- Aim of the exercise: Look through the listing below for the line containing "(The Church of". Copy it and each line after it up to and including the line containing "日照 | 積雪 | 降雪 |", exactly, leaving out pictures.

-- Opening Marker --

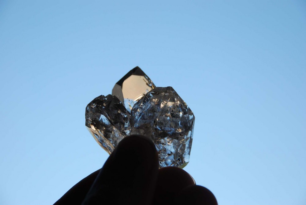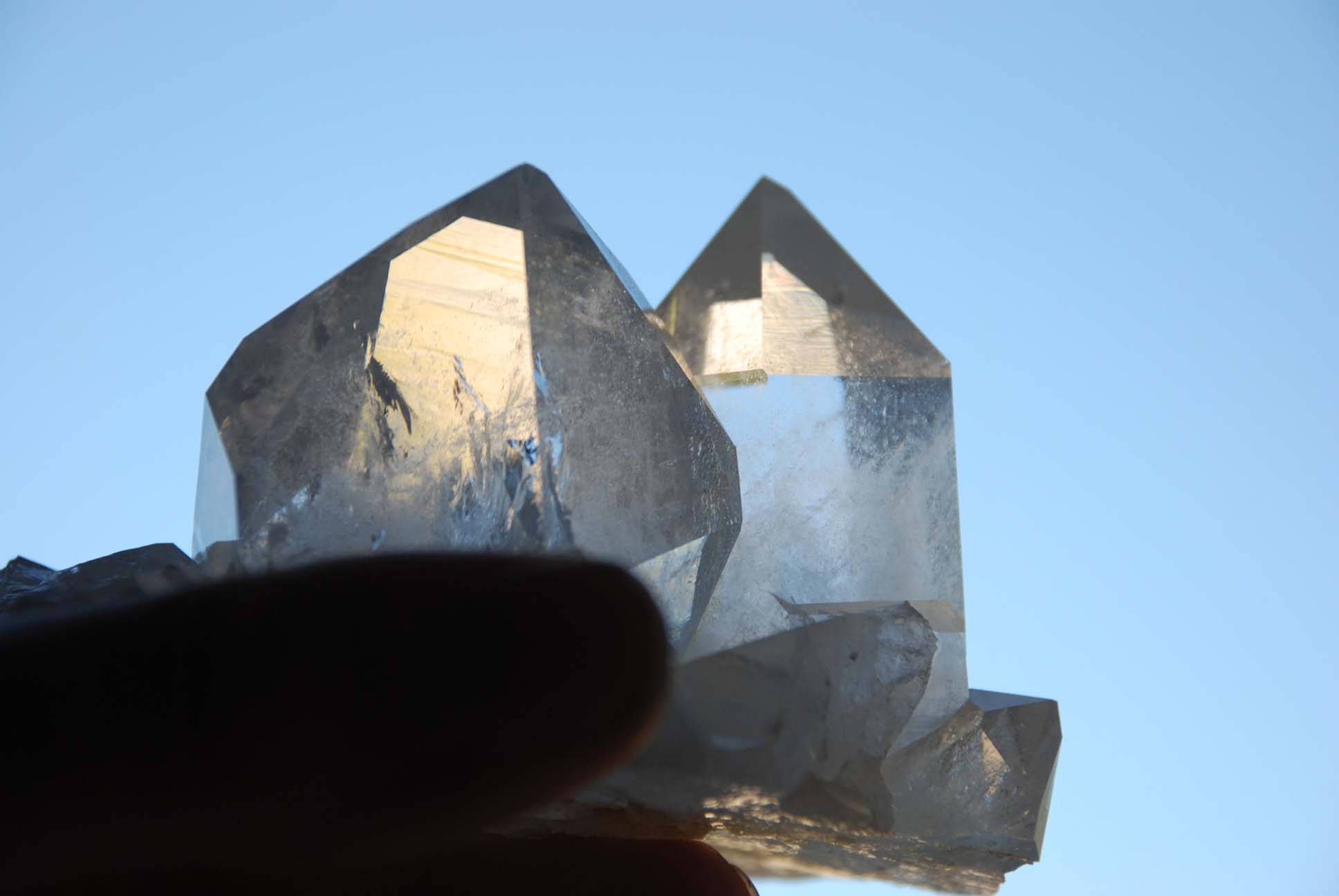 Quartz chloriteux et hyalin avec fantome chloriteux (pour les deux grosses pointes du fond) corrodés à la base pour certains
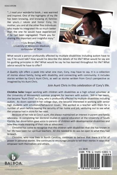 What would a person profoundly affected by multiple disabilities including autism have to say if he could talk? How would he describe the details of his life? What would he say are his guiding principles in life? What would he say he has learned throughout his life? What advice would he have to offer?. A Quality Life offers a peek into what one man, Cory, may have to say. It is a collection of stories about family, living with disability, and connecting with community. It includes stories written by Corys Aunt Chris, as well as stories written from Corys perspective as imagined by his Aunt Chris.. Join Aunt Chris in this celebration of Corys life.. "...I read your book...I was warmed and inspired. One of the highlights of my life has been knowing, and knowing of, families like yours...I salute and honor Cory, his mother, you and all the other fine individuals who made his integrated life so much better than the one he would have experienced if he had been segregated. Thank you for sharing this important and insightful story." Lou Brown, Ph.D., University of Wisconsin-Madison, co-founder of TASH
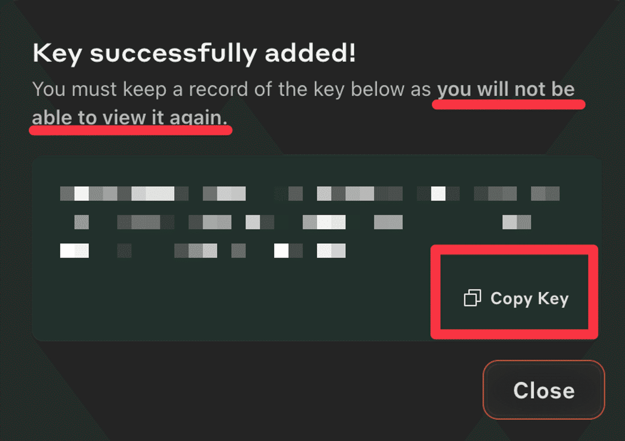 もう一度確認することは不可能なので、安全な場所に保管したことを確認してから、Closeボタンを押しましょう。
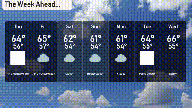 Thursday: Cool with some sunshine, expect highs around 64 degrees and a nighttime low of 56 degrees.
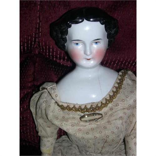 22" China all Original 1860's (As Is). Too bad the older looking lady's head has damage. Thre is a piece out of the front base and the crack goes up and over the shoulder plate at the neck into the back of the shoulder plate at the base. She has vertical curls all across the bad. The number 10 is on the back of the shoulder plate. She has a great dress and two slips, no pantaloons.Arms and hands have had some repair and need additional. The pin on her dress is old. She is sold as is. Doll comes from a smoke free environment. Buyer to pay shipping, handling, and insurance. Thanks for viewing.
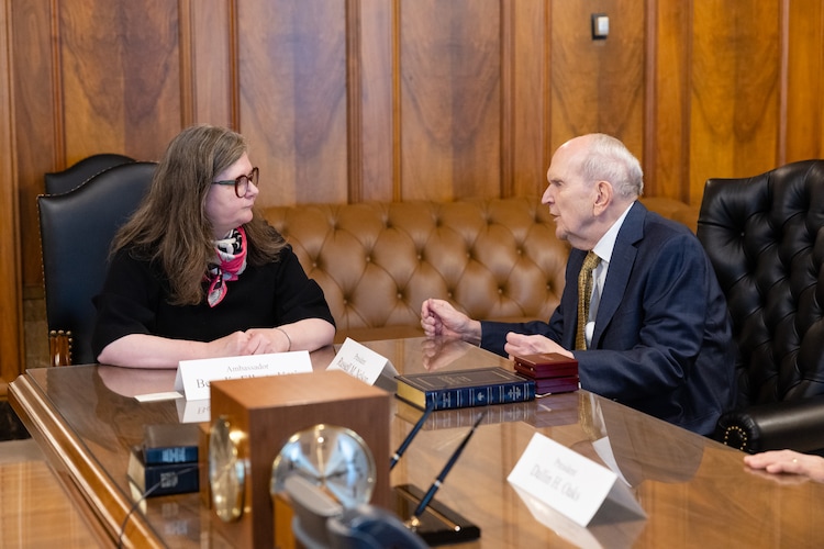 (The Church of Jesus Christ of Latter-day Saints) President Russell M. Nelson speaks with Bergdís Ellertsdóttir, Iceland's ambassador to the United States, in Salt Lake City on Thursday, Jan. 18, 2024.
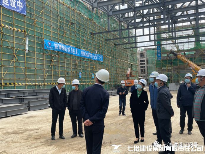 在钢结构吊装区域,七冶集团总工程师汪洋结合现场情况,简要汇报了七冶安全生产标准化工作情况及疫情防控管控措施。
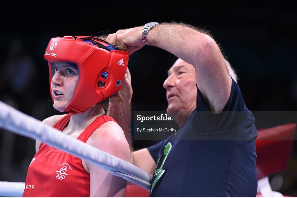 20 June 2015; Michaela Walsh, Ireland, has her head gear strapped up by coach Gerry Storey during her Women's Boxing Bantam 54kg Round of 16 bout with Elena Saveleva, Russia. 2015 European Games, Crystal Hall, Baku, Azerbaijan. Picture credit: Stephen McCarthy / SPORTSFILE
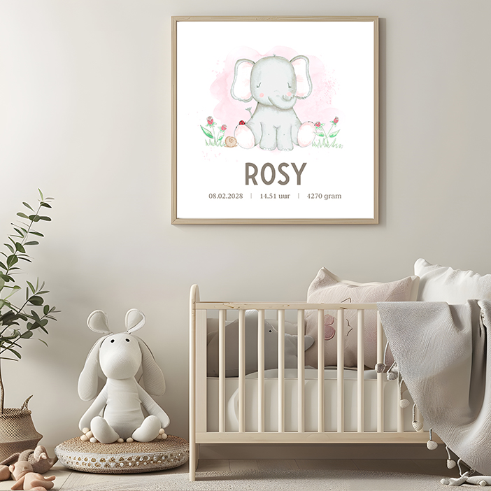Lieve vierkante poster met een olifantje met slak, lieveheersbeestje en bloemen op een roze watercolor vlek.
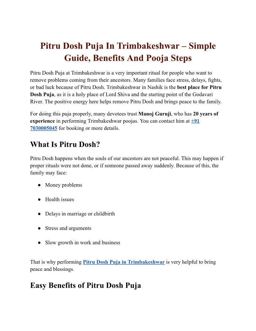 Pitra Dosh Puja In Nashik �...
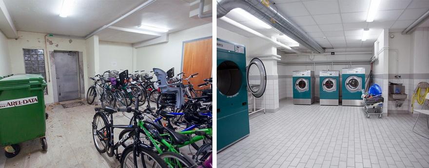 В домах много вспомогательных помещений: для колясок и велосипедов, для спорта и отдыха, кладовки, прачечные.
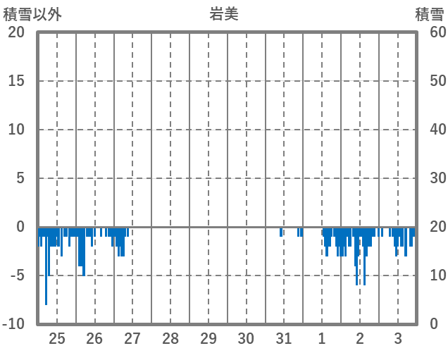 | 日 | 時 | 気温 | 降水 | 風向/風速 | 日照 | 積雪 | 降雪 |
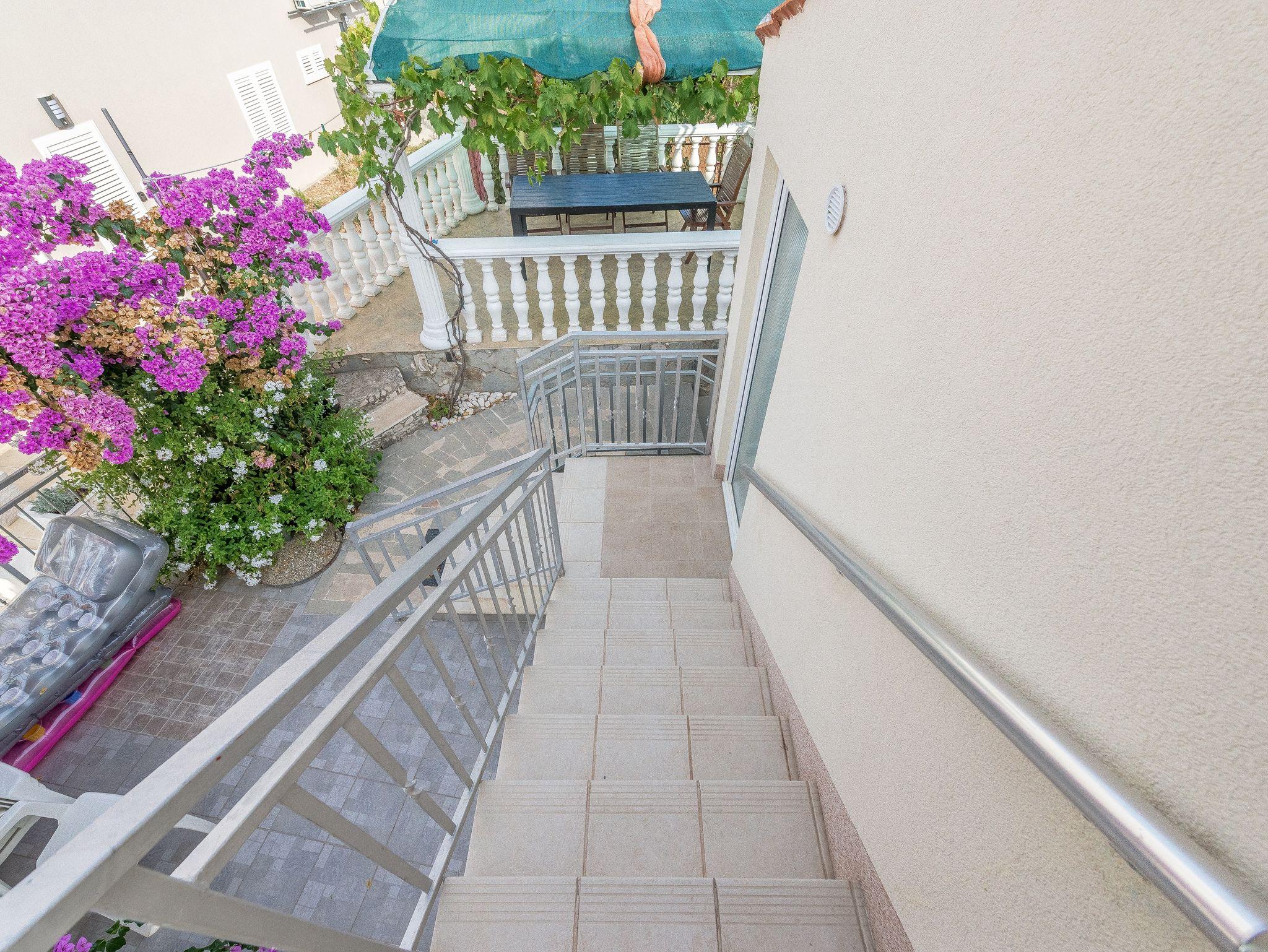 Ferienwohnung bietet Platz für 4 Gäste. Die Betten sind in Schlafzimmern, die es 2 gibt, innerhalb einer Gesamtfläche von 33m2, angeordnet. Die Gäste haben eine eigene Terrasse zur Verfügung, auf der sie in warmen Sommernächten genießen können. Das Apartment bietet Meerblick. Es ist erlaubt, Speisen auf dem Gemeinschafts-Grill vorzubereiten. In der Unterkunftseinheit besteht die Möglichkeit des Mitbringens von Haustieren gegen Aufpreis. Unterkunftseinheit hat Räume, die von dem Rest der Einheit abgetrennt werden. IM PREIS INBEGRIFFEN: Kurtaxe, Endreinigung, Klimatisierung, Parkplatz, Internet, Wäschewaschen, Bügeleisen, Bügelbrett, Föhn. VERBINDLICHE ZUSÄTZLICHE KOSTEN: Aufzahlung für Kurzaufenthalte (prozentualer Zuschlag pro Nächtigungsanzahl: 30% - 1, 20% - 2, 10% - 3). UNVERBINDLICHE ZUSÄTZLICHE KOSTEN: Haustiere (7,00 € pro Nacht). Die Verfügbarkeit zusätzlicher Dienstleistungen in Ihrem reservierten Termin und die Preise derselben (falls nicht aufgeführt) müssen im Voraus überprüft werden. Zusätzliche Dienstleistungen die in der Zahlungsaufforderung nicht aufgeführt sind werden direkt beim Vermieter bezahlt, angenommen der Gast nutzt auch diese.
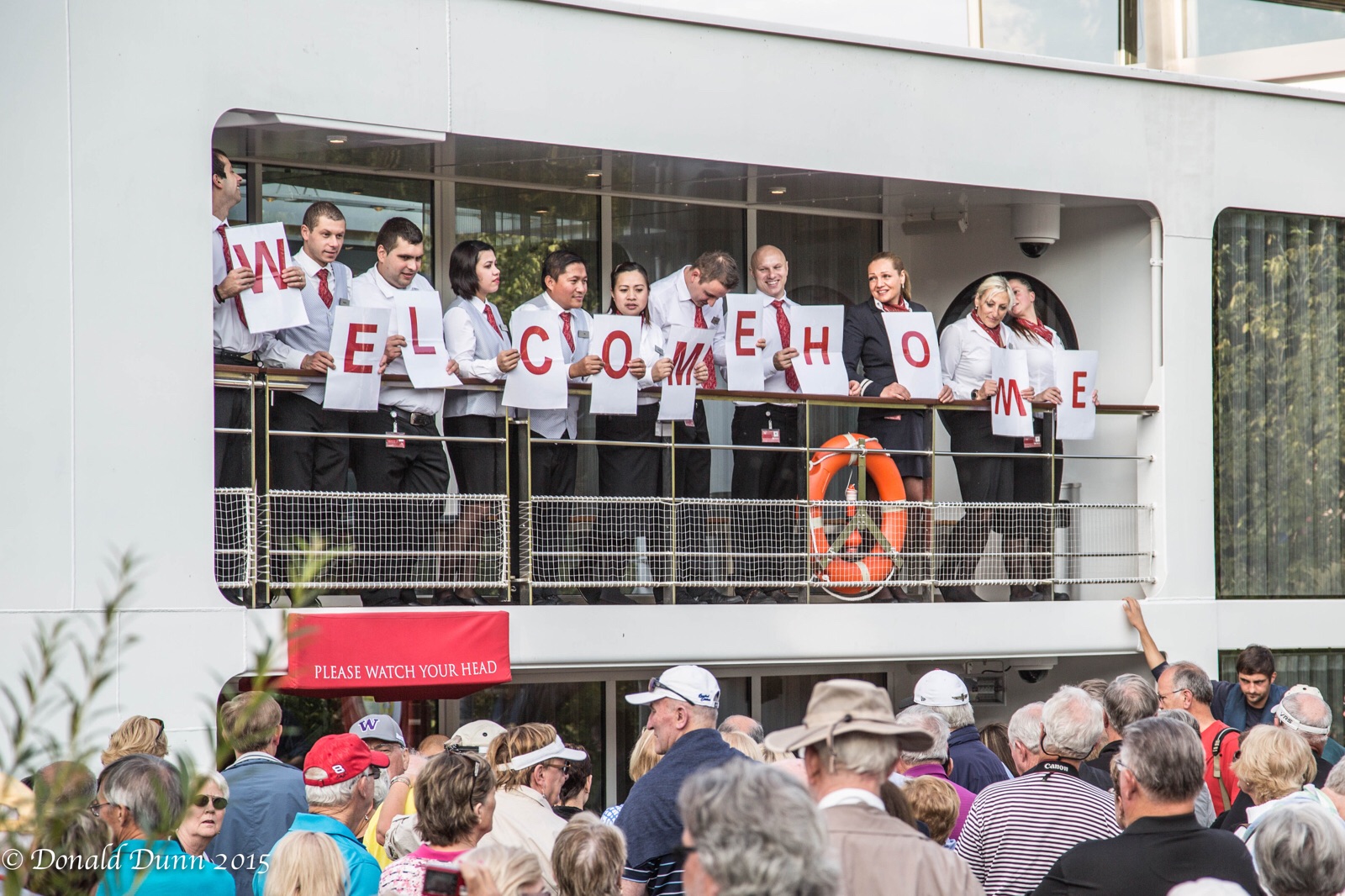 Thus far, we have been impressed with the quality and timeliness of service from the time we arrived in Amsterdam to the present—nothing one can put their finger on, but just the little things, like the captain assisting with initial boarding by carrying luggage, or the “Welcome Home” sign held by several of the staff when we arrived back from a shore excursion.
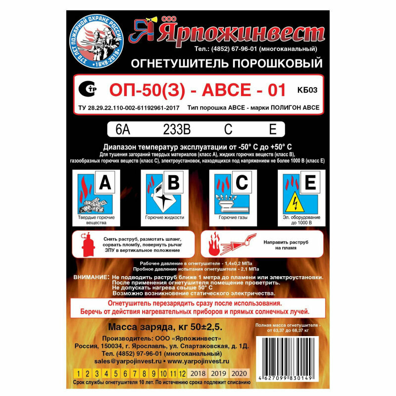 Порошковый огнетушитель Ярпожинвест ОП-50 (з) интересное:
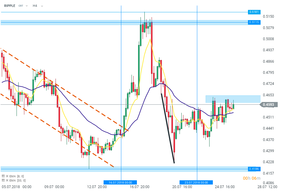 RIPPLE w przeciwieństwie do Bitcoina nie osiągnęło w tym tygodniu spektakularnych zysków. Generalnie wirtualna waluta nie jest zbyt zmienna od początku tygodnia. Obecnie RIPPLE próbuje przebić się przez poziom oporu w okolicach 0,465 dolara. Moneta porusza się powyżej 8- i 33-okresowych średnich kroczących na wykresie H4 (żółta i fioletowa linia). Wyraźne przełamanie poziomu oporu (niebieski prostokąt) może skutkować dłuższymi ruchami wzrostowymi. Źródło: xStation5
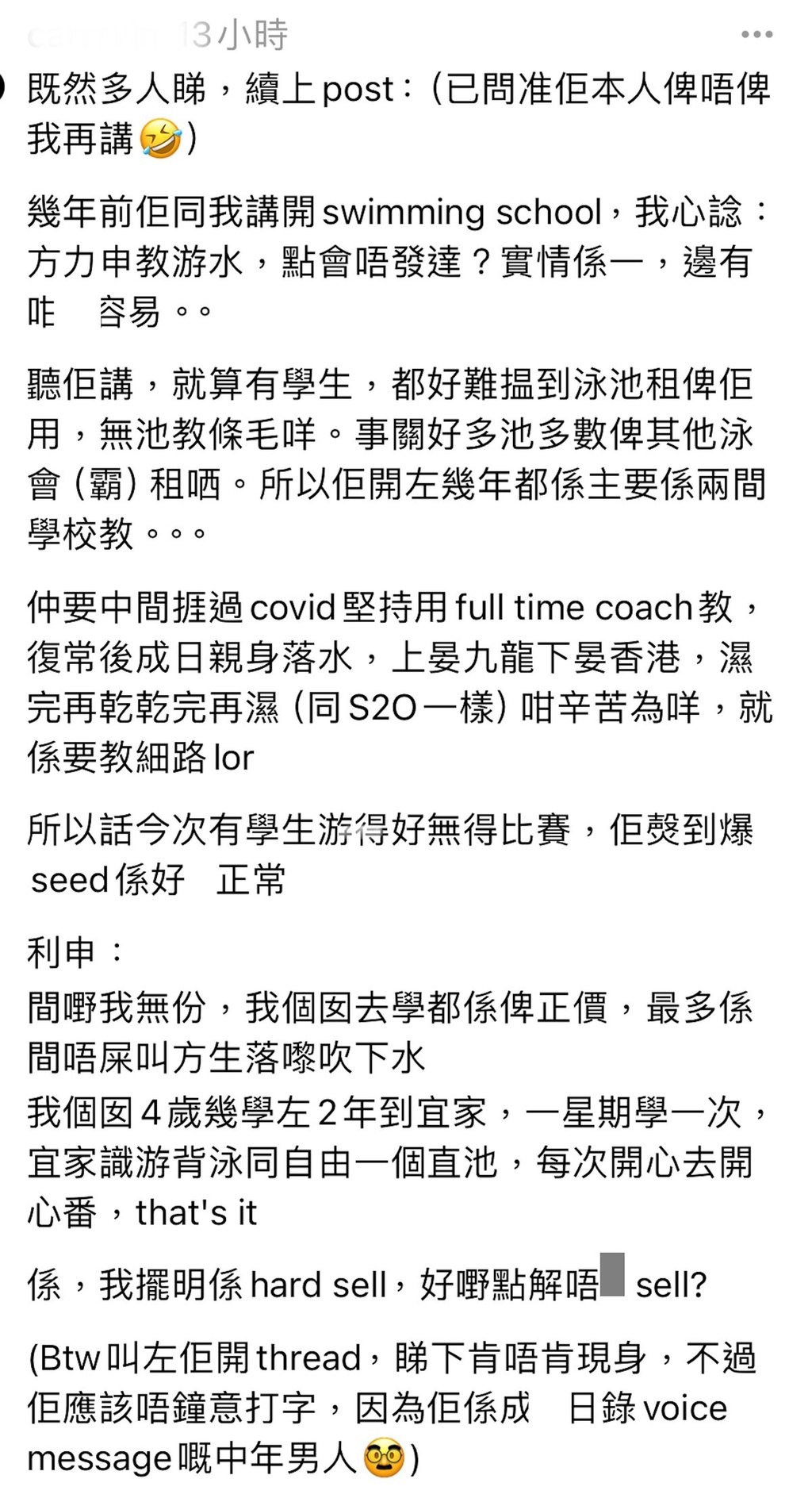 他又指:「中間捱過covid堅持用full time coach教,復常後成日親身落水,上晏九龍下晏香港,濕完再乾乾完再濕(同S2O一樣)咁辛苦為咩,就係要教細路。所以話今次有學生游得好無得比賽,佢㷫到爆seed係好X正常。」

-- Closing Marker --

- Response to this exercise:
 (The Church of Jesus Christ of Latter-day Saints) President Russell M. Nelson speaks with Bergdís Ellertsdóttir, Iceland's ambassador to the United States, in Salt Lake City on Thursday, Jan. 18, 2024.
 在钢结构吊装区域,七冶集团总工程师汪洋结合现场情况,简要汇报了七冶安全生产标准化工作情况及疫情防控管控措施。
 20 June 2015; Michaela Walsh, Ireland, has her head gear strapped up by coach Gerry Storey during her Women's Boxing Bantam 54kg Round of 16 bout with Elena Saveleva, Russia. 2015 European Games, Crystal Hall, Baku, Azerbaijan. Picture credit: Stephen McCarthy / SPORTSFILE
Lieve vierkante poster met een olifantje met slak, lieveheersbeestje en bloemen op een roze watercolor vlek.
 Pitra Dosh Puja In Nashik �...
 В домах много вспомогательных помещений: для колясок и велосипедов, для спорта и отдыха, кладовки, прачечные.
 | 日 | 時 | 気温 | 降水 | 風向/風速 | 日照 | 積雪 | 降雪 |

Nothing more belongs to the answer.